Europe braces for new heatwave as record temperatures ease in west
Record heat in France, Spain and the UK eased, but Germany, Switzerland, the Czech Republic and Denmark faced the next surge as the Balkans moved into focus.

Highway damage and train cancellations hit Germany as the late-June heatwave shifted east, and the World Meteorological Organization warned the same system would keep pushing dangerous temperatures across Central Europe before turning toward the Balkans. Temperatures were running 3C to 10C above the weekly average in affected areas, and daily highs above 35C were likely in many places.
On June 26, the heatwave had shattered numerous temperature records and hit human health, ecosystems, agriculture, infrastructure and labour productivity. Europe has warmed by about 2C over the past 50 years since the 1976 heatwave, making it the world’s fastest-warming continent, with high confidence that human activity has driven the observed rise.

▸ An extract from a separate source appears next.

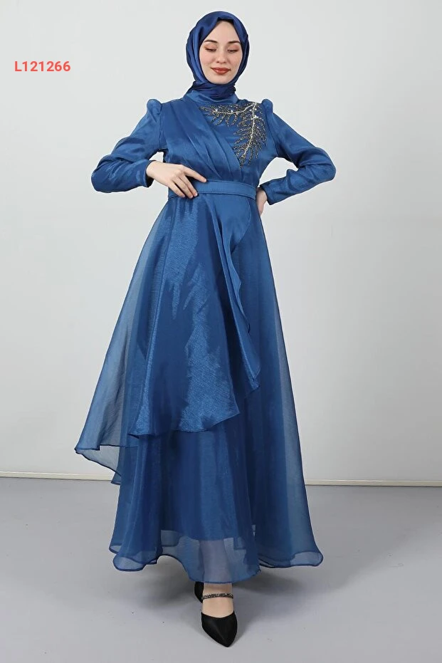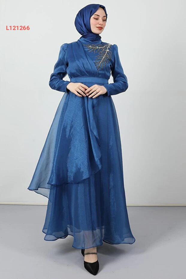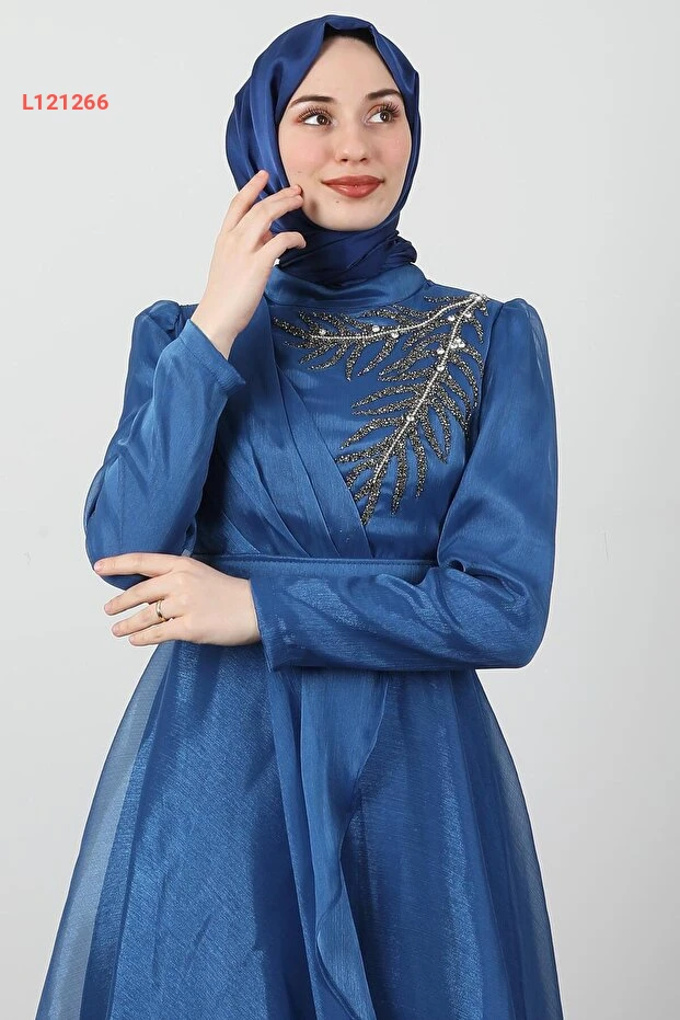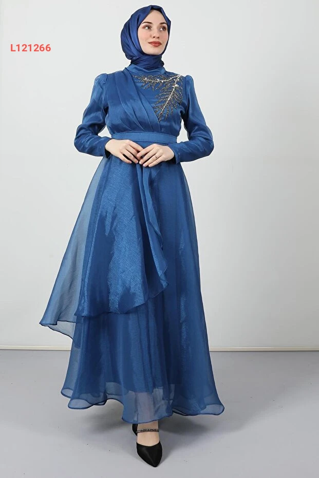 استمتعي بإطلالة ساحرة مع فستان Giza Giyim Taşlı Organze Abiye بلون الإنديجو الرائع. يجمع بين الأناقة والراحة، حيث يتميز بتفاصيله الماسية الفريدة ونسج الأورغنزا الفاخر، مما يجعله الخيار المثالي لأي مناسبة خاصة. استعدي لتكوني مركز الأضواء مع كل خطوة!

France took the worst of the western European heat first. France recorded its hottest day on record on June 24, with a national average temperature of 30.0C, breaking previous national records from July 2019 and August 2003. Temperatures reached 43.8C in Pulluau in western France, while authorities issued top-level red alerts for a record 58 departments and warned of greater forest-fire risk as drought worsened. The WMO’s June 26 update counted 40 drowning deaths in France during the heat.
Spain logged its hottest June days on June 23 and 24, with temperatures above 40C in several places. In the United Kingdom, the Met Office issued a red extreme heat warning for June 24 and 25, with the warning taking effect at 0900 on June 24 and highs forecast at 37C to 39C. The office later recorded a provisional June daily high of 36.1C at Gosport in southern England, and the country’s June record of 35.6C was very likely to be exceeded.

By June 27, record highs had also been set in Switzerland, the Czech Republic and Denmark, while unusually high temperatures reached the Nordic countries. UN climate chief Simon Stiell said the heatwave had “the fingerprints of the climate crisis all over it,” and heat-health action plans were being mobilized as the shock moved from western Europe into the continent’s center.